The very idea of placing dependencies in a local location (or even worse in a global location but not controlled by the system package-manager) is so rotten from the core - it simply deserves to die.
What was once supposed to be a tool for developers to have easy access to dependencies has now crept into the area of operation and deploying uncontrollable stuff (Docker containers, 3rd party package managers, statically linked applications, manually built packages, …) into production systems has become the norm.
Actually, Composer is what's usually used these days. Composer is per-project (like npm), though, so there's no point unifying it into a global package manager.
Have you ever tried ninite (https://ninite.com/) ?
Not perfect at all - but at least it works for some of the freeware utilities / programs I'm using on my windows PC.
Simply run the generated exe to install the program. Run it later to update the program.
Hum, you could be right. I tried to install Discourse from source a while back on CentOS and gave up. A while later I tried the container method (Docker I believe) and bingo. So much magic going on under the hood though, dunno how I feel about it...
This kind of reminds me of just statically linking everything. We have not done that because it is a waste of resources but containers are all right then. :)
(OK, I'm aware of the differences, but I don't see containers as a salvation for client-side deployment.)
> There must be some way to _unify_ this proliferation of software update mechanisms.
There are many ways. The problem is there are many different environments who all use different methods for different reasons.
To a solo developer with personal control over the entire stack, the Operating System is merely one more tool in the toolbox. That dev can pick any distro he wants and then install and configure anything he wants(as root). To a postdoc researcher in a lab using the University's shared compute cluster, leveraging the OS might not be such an obvious and easy choice. Then of course there is the whole issue that Wordpress, ruby, system software, and IDEs are all developed by very different groups of people.

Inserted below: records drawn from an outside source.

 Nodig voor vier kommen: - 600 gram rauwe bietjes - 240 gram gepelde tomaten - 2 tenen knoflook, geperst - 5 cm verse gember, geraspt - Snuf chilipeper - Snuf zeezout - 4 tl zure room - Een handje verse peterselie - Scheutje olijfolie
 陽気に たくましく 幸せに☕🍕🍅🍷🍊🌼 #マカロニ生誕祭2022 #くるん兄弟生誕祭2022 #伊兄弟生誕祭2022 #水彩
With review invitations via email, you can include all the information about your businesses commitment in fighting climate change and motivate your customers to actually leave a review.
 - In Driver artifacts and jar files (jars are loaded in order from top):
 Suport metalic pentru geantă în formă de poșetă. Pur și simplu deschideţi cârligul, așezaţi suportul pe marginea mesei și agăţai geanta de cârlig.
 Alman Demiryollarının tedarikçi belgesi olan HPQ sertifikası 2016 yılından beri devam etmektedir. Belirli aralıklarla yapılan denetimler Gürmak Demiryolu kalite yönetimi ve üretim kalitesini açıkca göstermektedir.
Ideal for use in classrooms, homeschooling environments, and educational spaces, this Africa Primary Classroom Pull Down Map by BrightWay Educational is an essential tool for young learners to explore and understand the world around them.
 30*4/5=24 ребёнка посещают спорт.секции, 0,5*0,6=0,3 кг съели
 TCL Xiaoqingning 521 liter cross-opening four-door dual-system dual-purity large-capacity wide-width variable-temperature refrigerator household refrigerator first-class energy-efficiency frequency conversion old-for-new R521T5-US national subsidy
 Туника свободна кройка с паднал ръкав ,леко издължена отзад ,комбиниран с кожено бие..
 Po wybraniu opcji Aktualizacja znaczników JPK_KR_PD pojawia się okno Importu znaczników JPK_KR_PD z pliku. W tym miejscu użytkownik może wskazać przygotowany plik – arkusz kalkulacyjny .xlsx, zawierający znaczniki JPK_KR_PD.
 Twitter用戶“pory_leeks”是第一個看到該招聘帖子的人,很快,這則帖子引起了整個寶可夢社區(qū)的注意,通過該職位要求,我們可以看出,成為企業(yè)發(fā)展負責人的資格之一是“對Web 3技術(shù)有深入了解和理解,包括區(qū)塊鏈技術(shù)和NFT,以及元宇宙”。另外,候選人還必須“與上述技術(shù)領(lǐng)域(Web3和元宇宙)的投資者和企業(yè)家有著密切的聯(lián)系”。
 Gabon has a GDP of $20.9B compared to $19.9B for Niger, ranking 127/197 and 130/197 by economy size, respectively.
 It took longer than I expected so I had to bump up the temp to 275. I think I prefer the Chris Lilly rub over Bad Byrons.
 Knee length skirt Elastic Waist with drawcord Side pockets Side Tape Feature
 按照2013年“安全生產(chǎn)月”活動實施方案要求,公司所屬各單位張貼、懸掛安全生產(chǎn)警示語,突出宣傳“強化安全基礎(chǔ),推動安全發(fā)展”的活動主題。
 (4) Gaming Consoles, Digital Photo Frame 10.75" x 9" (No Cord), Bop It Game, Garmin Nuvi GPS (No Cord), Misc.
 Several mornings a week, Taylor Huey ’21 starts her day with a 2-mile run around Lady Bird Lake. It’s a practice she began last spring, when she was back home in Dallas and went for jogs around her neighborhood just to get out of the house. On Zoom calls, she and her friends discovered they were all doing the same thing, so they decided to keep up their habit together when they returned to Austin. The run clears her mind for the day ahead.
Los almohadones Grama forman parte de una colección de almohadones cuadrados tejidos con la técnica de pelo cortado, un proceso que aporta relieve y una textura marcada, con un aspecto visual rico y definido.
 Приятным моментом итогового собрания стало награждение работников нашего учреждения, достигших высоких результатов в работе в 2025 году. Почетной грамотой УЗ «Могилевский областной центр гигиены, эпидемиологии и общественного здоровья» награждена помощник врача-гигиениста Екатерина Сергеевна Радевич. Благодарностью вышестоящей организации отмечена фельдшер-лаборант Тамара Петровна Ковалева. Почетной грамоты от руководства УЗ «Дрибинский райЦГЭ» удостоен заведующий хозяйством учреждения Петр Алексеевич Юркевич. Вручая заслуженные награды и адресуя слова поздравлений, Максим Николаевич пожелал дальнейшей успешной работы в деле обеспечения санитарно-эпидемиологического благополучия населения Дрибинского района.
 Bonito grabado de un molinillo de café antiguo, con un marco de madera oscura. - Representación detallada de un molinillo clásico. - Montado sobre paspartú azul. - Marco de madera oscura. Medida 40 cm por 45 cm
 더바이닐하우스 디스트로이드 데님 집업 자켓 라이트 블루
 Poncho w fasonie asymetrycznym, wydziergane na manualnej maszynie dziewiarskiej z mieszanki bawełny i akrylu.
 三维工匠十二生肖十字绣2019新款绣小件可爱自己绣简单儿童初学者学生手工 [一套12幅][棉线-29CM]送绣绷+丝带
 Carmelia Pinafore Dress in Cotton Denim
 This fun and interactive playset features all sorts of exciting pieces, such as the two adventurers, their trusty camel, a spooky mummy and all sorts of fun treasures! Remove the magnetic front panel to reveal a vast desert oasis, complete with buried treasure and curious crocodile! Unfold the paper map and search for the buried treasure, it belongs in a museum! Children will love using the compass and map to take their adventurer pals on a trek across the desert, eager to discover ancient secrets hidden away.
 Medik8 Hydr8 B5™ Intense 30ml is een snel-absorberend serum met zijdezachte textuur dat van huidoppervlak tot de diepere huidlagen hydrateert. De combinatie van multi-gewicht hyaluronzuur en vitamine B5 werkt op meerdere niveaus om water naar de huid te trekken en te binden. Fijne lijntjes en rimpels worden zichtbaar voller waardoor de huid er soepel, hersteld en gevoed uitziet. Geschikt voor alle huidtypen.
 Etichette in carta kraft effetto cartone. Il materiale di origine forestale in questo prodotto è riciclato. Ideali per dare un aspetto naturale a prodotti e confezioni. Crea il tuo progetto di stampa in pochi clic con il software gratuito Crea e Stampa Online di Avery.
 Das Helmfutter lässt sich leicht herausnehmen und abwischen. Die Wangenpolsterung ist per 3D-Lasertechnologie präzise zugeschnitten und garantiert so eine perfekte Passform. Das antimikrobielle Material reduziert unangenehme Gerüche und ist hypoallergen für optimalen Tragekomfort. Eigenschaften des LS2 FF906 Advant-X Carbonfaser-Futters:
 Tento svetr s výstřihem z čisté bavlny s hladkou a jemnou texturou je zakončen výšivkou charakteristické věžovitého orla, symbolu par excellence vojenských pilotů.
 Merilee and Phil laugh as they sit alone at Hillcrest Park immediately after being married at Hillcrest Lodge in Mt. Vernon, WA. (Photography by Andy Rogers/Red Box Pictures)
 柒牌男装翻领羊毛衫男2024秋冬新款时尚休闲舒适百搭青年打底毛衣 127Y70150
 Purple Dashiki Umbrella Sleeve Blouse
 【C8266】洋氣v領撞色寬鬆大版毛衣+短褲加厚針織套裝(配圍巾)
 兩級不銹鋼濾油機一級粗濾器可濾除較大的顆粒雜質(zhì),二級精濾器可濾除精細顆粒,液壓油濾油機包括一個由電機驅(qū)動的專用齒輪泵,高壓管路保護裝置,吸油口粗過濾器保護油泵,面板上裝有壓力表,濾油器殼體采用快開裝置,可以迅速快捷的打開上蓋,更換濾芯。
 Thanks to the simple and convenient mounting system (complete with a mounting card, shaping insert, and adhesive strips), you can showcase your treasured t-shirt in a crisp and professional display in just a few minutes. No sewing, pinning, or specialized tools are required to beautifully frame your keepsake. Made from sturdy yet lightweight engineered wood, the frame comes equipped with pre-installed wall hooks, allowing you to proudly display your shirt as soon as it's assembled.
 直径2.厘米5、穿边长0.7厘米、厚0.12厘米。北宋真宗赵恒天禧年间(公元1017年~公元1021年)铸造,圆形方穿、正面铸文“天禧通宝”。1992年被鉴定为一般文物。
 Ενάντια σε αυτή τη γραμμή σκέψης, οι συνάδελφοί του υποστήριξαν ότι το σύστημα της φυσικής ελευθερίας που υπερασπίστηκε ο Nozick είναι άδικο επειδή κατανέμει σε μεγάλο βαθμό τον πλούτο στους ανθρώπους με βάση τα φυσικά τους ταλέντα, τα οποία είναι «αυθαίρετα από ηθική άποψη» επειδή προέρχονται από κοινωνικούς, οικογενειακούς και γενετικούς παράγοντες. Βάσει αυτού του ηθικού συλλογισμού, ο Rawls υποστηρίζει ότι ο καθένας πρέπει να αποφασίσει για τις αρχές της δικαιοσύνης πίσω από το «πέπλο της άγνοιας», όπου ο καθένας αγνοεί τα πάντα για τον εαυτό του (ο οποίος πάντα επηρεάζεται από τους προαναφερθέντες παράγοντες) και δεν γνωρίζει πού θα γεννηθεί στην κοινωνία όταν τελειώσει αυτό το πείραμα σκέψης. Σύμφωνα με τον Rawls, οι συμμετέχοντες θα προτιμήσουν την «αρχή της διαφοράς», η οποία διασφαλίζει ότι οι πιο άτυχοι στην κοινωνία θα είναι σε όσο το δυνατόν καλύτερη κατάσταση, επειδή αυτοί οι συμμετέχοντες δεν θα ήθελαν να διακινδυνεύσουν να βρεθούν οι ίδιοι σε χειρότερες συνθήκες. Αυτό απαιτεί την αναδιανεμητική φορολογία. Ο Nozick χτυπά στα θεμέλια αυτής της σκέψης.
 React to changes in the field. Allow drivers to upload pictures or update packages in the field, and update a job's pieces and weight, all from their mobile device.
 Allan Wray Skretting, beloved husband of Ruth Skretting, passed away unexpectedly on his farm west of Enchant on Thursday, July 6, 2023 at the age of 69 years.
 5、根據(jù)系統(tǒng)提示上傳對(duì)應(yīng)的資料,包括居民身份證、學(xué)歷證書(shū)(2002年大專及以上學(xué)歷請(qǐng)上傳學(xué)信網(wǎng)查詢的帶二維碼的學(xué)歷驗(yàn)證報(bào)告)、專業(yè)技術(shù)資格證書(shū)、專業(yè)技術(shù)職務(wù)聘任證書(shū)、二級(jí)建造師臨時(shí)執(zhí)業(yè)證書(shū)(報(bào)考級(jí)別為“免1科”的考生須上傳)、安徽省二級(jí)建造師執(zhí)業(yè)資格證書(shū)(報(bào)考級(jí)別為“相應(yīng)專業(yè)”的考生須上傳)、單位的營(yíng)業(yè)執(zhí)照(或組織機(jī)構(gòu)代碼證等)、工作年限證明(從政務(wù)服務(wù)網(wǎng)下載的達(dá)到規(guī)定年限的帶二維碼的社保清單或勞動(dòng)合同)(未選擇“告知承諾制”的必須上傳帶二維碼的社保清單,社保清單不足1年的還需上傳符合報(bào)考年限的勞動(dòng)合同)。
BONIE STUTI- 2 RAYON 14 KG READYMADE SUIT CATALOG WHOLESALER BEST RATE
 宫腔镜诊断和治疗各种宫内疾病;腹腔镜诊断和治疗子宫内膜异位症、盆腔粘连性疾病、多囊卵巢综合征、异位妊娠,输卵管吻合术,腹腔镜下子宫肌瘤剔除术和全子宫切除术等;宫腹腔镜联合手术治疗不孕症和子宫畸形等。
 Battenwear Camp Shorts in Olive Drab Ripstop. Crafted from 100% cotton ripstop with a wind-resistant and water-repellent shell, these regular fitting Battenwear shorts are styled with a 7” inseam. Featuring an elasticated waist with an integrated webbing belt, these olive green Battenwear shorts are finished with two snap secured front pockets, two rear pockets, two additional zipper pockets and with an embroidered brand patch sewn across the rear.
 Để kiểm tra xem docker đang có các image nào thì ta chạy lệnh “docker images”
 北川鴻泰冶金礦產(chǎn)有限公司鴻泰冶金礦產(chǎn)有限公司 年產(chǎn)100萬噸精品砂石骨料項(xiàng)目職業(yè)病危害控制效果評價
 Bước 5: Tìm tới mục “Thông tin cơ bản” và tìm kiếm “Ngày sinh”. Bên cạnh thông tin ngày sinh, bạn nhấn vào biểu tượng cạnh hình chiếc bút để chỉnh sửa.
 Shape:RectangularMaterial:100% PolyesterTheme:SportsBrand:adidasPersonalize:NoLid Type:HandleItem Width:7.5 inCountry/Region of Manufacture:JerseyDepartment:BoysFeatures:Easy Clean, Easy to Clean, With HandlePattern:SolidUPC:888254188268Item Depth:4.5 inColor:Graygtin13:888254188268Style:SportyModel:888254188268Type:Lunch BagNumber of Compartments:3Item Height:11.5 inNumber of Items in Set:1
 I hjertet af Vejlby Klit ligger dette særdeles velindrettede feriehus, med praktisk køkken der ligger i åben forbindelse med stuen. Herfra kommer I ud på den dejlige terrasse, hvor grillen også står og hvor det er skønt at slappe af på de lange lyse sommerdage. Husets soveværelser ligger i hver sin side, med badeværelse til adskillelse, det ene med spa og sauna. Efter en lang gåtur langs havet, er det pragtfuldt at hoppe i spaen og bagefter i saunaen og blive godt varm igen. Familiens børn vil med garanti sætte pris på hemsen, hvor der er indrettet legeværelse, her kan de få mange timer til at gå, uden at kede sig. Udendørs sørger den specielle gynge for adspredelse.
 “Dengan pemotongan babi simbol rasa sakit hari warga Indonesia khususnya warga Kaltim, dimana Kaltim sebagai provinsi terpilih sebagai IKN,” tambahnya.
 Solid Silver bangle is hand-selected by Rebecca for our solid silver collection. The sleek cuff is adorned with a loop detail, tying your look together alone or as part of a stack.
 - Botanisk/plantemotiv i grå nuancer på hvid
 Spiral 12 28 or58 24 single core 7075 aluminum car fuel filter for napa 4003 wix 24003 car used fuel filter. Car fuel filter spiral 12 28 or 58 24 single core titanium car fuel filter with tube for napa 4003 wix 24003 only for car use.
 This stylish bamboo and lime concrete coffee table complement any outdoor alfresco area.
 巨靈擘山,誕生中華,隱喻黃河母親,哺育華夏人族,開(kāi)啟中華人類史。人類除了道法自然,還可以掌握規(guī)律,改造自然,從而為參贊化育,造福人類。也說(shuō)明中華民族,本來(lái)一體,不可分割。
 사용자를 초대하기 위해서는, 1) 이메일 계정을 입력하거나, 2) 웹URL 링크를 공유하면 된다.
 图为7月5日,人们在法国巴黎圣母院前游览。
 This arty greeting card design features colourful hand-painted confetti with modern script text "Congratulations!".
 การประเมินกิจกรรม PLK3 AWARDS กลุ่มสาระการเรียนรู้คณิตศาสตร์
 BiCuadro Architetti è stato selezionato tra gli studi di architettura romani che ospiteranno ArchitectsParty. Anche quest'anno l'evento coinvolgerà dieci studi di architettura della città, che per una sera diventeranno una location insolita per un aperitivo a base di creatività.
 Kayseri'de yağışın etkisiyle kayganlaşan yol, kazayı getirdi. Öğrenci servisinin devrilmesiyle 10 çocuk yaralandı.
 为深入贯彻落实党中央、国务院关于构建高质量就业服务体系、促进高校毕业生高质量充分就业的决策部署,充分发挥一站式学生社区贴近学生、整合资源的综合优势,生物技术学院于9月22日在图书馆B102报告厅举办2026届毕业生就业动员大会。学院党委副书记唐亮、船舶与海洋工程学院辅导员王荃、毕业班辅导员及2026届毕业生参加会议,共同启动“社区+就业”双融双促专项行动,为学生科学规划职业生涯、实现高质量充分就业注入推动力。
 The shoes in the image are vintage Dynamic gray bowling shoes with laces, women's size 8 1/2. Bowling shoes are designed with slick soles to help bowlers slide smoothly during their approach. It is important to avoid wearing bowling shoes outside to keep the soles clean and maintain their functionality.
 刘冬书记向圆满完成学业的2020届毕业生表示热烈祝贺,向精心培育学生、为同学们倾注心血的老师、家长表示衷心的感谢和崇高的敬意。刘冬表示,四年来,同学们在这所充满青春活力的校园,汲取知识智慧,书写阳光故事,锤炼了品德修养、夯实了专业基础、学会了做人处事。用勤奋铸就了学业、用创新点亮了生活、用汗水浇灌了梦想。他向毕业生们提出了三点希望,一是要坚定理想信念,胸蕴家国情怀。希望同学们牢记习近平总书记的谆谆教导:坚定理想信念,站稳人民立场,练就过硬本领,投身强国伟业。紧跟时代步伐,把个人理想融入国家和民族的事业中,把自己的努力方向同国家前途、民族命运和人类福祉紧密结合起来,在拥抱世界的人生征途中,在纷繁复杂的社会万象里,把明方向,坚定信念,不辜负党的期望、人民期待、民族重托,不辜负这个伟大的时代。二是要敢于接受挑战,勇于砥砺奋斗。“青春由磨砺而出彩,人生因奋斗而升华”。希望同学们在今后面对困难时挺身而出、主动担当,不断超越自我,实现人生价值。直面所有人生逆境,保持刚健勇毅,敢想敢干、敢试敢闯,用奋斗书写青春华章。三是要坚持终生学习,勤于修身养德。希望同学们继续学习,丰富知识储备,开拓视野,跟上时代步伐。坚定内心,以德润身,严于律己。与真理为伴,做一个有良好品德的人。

But back to your question: configuration management tools can help with this problem. They do require some end-user investment at this stage, in no small part due to the reasons I identified above (there's not yet an ideal default that works for everyone).
Generally, configuration management tools encourage you to declare your software, modules, packages, requirements in an abstraction layer and then have the config management tool handle the messy details of whether to use apt or yum or gems. The catch right now is that you will typically have to do handle those decisions (to some extent) yourself.
Aha! Lightbulb moment. I thought that Puppet and co. (chef and so on) were about pure configuration across multiple machines. I didn't realise they were about deployment as well. In that case I guess the problem is sort of solved but then I need to start thinking a layer higher than I have been.
It would be nice if the solution to this proliferation still allowed me to think at the level of [synaptic/apt-get/dpkg] on Debian/Ubuntu/... or [yum/rpm] on Redhat/CentOS/Suse/... and so on. Do you think this is unreasonable of me?
http://leto.electropoiesis.org/propaganda/plugins-and-packag...
I hate having to individually update my Wordpress install, my Rubies, my system packages, my IDE (be it Eclipse or Android Studio), a separate TeXLive install from the OS packages, even Vim now has its own package management with Pathogen...
There must be some way to _unify_ this proliferation of software update mechanisms.
edit: It would be ironic in the extreme if Windows of all platforms manages to get this out the gate before the Linux community considering how awesome stuff like apt-get, yum, and emerge are... Oh well, just goes to show that open-source giveth with the one hand and taketh with the other.